BASE COLORS AND FINISHES
Bladebaits originally came in one color--silver. And they came in one finish--flat. That was it. But not anymore. Manufactured blades now come in gold, copper, and brass base colors, many with clear coating to prevent tarnishing. Finishes can be flat, hammered, or rippled. And painted finishes have been added, such as firetiger, red, pink, chartreuse, and combinations such as blue-chrome.
The fastest and most versatile way to customize blade finish is to start with a base silver blade and add prism tape. Larry McClintock with Critter Gitter Custom Walleye Tackle in Portland, Oregon, (503/257-0553, www.playnposm.com) makes tapes specifically for this purpose, and numerous Columbia River trophy walleye anglers swear by them. The color combinations are almost infinite: small silver black scale, clear red scale, clear silver scale, clear purple scale, dark green scale, and so forth. Critter Gitter also makes tapes that approximate juvenile fry, such as white black tiger and clear black tiger. ZAP Lures (419/475-2621) has tape available in gold, silver, red, and chartreuse prism for most standard-size blades.
MAKE YOUR OWN
If you go through a lot of bladebaits in a season, or if you want to experiment, contact blade manufacturers and buy just the blades (you can add weight, hooks, and snaps yourself).

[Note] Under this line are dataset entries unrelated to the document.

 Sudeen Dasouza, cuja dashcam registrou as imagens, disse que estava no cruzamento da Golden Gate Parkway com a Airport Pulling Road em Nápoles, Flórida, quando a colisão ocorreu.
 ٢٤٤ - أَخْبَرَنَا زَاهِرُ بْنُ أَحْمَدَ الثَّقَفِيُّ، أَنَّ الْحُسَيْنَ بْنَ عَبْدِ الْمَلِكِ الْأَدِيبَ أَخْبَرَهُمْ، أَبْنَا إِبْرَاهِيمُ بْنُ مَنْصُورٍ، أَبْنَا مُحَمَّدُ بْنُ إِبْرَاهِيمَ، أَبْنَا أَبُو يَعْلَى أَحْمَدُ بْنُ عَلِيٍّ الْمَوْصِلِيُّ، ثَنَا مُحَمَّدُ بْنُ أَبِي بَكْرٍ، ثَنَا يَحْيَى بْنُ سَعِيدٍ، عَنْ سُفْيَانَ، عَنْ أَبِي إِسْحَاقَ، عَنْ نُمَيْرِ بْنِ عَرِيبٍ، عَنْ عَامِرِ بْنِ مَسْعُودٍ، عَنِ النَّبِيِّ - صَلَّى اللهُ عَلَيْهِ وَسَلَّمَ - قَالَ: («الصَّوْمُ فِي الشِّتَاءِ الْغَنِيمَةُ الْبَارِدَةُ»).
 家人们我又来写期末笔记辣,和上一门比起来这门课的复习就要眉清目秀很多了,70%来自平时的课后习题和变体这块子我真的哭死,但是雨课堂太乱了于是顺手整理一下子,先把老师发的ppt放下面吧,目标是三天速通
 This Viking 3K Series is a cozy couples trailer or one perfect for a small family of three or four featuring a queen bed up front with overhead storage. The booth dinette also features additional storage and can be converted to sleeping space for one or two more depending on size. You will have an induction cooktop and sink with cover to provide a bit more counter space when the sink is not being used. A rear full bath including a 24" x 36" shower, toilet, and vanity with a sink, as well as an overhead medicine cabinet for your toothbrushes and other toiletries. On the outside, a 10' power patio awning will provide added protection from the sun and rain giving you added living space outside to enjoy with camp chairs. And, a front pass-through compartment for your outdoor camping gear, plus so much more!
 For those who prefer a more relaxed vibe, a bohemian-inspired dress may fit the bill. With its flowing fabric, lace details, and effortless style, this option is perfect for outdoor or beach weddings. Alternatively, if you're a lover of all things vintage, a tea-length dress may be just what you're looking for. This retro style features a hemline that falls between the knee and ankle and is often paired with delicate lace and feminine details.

Critter Gitter's brass blades, for example, sell for only $1.50 each in quantity.
If you buy your blades in bulk, you'll need to add melted lead for weight. A good source for a melter and mold supplies is Jann's Netcraft (www.jannsnetcraft.com). While manufactured blades have the typical 1/4-, 1/2-, and 3/8-ounce weights, molding your own will allow you to customize the weight for the depths you prefer to fish. For example, springtime 'eyes can often be as shallow as four feet in stained water, where a lighter 1/8-ounce weight is more appropriate. Conversely, winter fish in 50 feet of water or in heavy current may need as much as an ounce of weight to stay in contact with the bottom.
To create a lighter 1/8-ounce bladebait, either grind down the lead on a 1/4-ounce lure with a power grinder; pour only half the normal amount of molten lead in a 1/4-ounce mold; or mix lighter metal filings in with your lead to lighten the mixture.
NOISE
Bladebaits vibrate, no doubt about it, but you can add noise to that vibration by adding rattle eyes. In fact, Heddon has done this as an option with their Sonars, and so has Luhr-Jensen with their Ratt'ln Ripple Tails. Excalibur makes Rattle Eyes for plastics that can be adapted for bladebaits, but better yet head to your local sewing craft shop. There you'll find tons of doll stick-on eyes with little black plastic balls inside the eye dome that will work just fine.
SHAPE
It's believed that Heddon's Sonar was the first bladebait to hit the mass market, circa 1959. It featured a flat blade, chunk of lead, holes, and hooks. In 1990, however, the shape of the blade itself came into focus, and the Reef Runner Tackle Company, makers of the Cicada, somewhat "cupped" the blade so it would fall slower on the drop and waggle more on the pickup. Luhr-Jensen's Ripple Tails have this same curvature feature.
You can make your own shape by slightly adjusting your blades, using a pair of pliers, the same way you adjust a trolling spoon. The more "cupped" or concave the blade, the more you'll affect the action and ensuing vibration qualities, as well as the speed of the descent-ascent.
Reef Runner's Cicada also represents an innovative shape change, in that this blade is designed to stand up on the bottom as opposed to falling over flat as most blades do on a slack line. You can customize your blades to do this by adding and flattening the lead weight at the forward part of the bait.